Andy and I had a long discussion with Deepak Singh from Amazon on their Web Services platform (AWS). It’s two things, storage and compute power — you buy what you need when you need it. I came back to Penn and began advocating for testing these platforms out on our own data. Even big institutions such as ours have problems with access to compute clusters. We are already exploiting AWS for proteomics work, and beginning to do the same now for genomic data — Steven Salzberg at the University of Maryland has pioneered some of these ideas.
My summary: at this point, if you use north of 70% of your CPU cycles, you’re probably better off buying your own. If you use less than 50%, AWS already makes sense, and much below that, I would argue it’s a no-brainer. There are some problems — you have to code in a particular way, data transfer costs can add up, but these things can be mitigated and Amazon is working hard to do so.

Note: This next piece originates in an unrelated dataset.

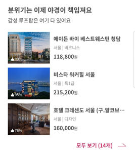 1.지역이 정해지지 않은 경우 메인화면에서 큐레이션된 호텔을 보고 필요 호텔을 찾아본다.

Why buy expensive hardware, maintain and service it, and compete for high-priced IT talent, when Amazon already does that better than academia ever will?
For the molecular biologists in the audience, it’s sort of like buying a polyacrylamide gel rather than pouring one. Until I told people in the lab about eight years ago, no more pouring page gels. It’s time-consuming, which is money consuming, and I would rather have them do something else.
It was so nice to see see you again and thank you for the interview. I hope to see you again next January.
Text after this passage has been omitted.